Other notable findings from CAFB:

  • Food insecurity is more prevalent among Black (47%) and Hispanic (52%) respondents than white respondents (14%)
  • About 82% of food-insecure households are low-income, which is defined as earning $83,000 a year or less, but 1 in 5 families who earn the area’s median income of $120,000 still experience food insecurity
  • 76% of food-insecure individuals are employed — a higher rate than the one for food-secure individuals (73%)
  • 10% of children are experiencing food insecurity, a lower rate than the general population that the report attributes to parents prioritizing feeding their kids over themselves and access to school meals

The lack of improvement in the region’s food insecurity levels, despite signs of a strong recovery for the U.S. economy, reflects “the pandemic’s ongoing impacts on employment, high rates of inflation, and the rollback of…government assistance programs,” such as the emergency Supplemental Nutrition Assistance Program (SNAP) benefits that ended in March, the 2023 Hunger Report says.

According to the report, 52% of all respondents reported feeling the impacts of high food costs, which rose 20% between May 2020 and this past May, but the impact was more widespread among food-insecure households, particularly low-income, Black and Hispanic households.

To address food insecurity, the report urges providers like CAFB to increase access to food assistance. It also recommends government support for public programs like SNAP — which is funded by a farm bill that expired at the end of September — and better coordination between social services intended to alleviate poverty.
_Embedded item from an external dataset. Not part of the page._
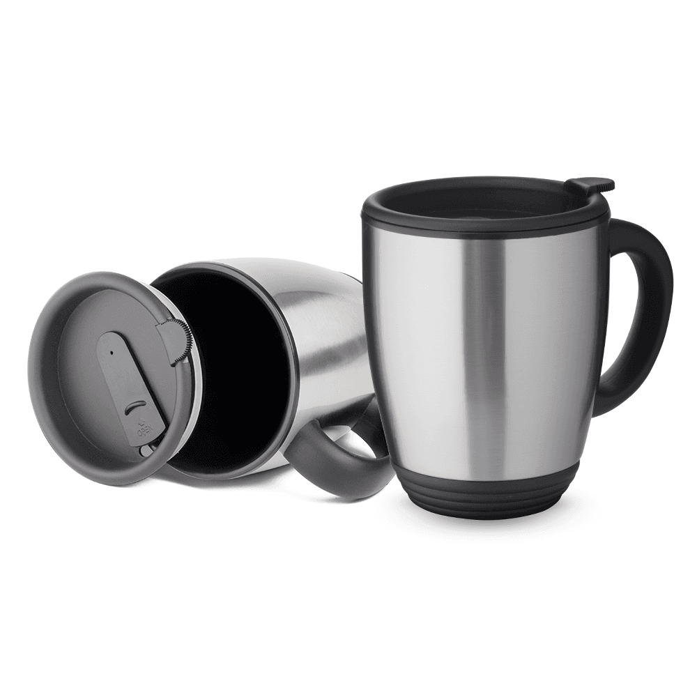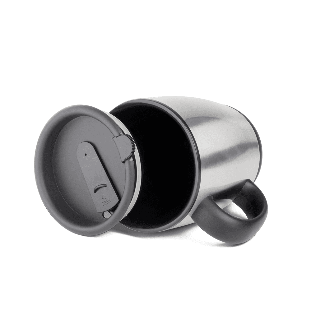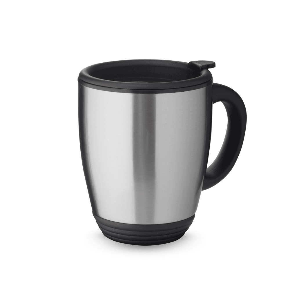 Caneca em aço inox na parte exterior e interior em plástico com capacidade de 450ml, alça de mão plástica, tampa com vedação ideal para chás e cafés.

“Every sector in our region has a role to play in addressing this ongoing crisis, both in the short and longer term, to create more opportunity and brighter futures for our community,” Muthiah said.

Over the past two years, Fairfax County has distributed $9.5 million in relief funds from the American Rescue Plan Act to support community food providers, including $4 million that will be allocated this fall, according to Ramona Carroll, equity manager for the county’s Department of Neighborhood and Community Services.

The county also devotes over $1 million annually to nonprofits that provide emergency food assistance through its Consolidated Community Funding Pool (CCFP), which provides funding for nonprofit and community human services organizations through an annual, competitive process.

In addition, the county began accepting applications last month for an economic mobility pilot that will give eligible families monthly payments of $750 for 15 months. Initial data from similar basic income programs that have cropped up around the country, including in Alexandria City, suggest they can help people afford housing, food and other basic needs.

For community members who want to assist those experiencing food insecurity, Carroll recommends donating to local food providers and the county’s annual Stuff the Bus campaign. She also recommends that organizations consider applying for the community funding pool.

“The funding allocated to organizations through the CCFP serves as an investment and catalyst for strengthening the human services network of programs available for Fairfax County residents,” Carroll said.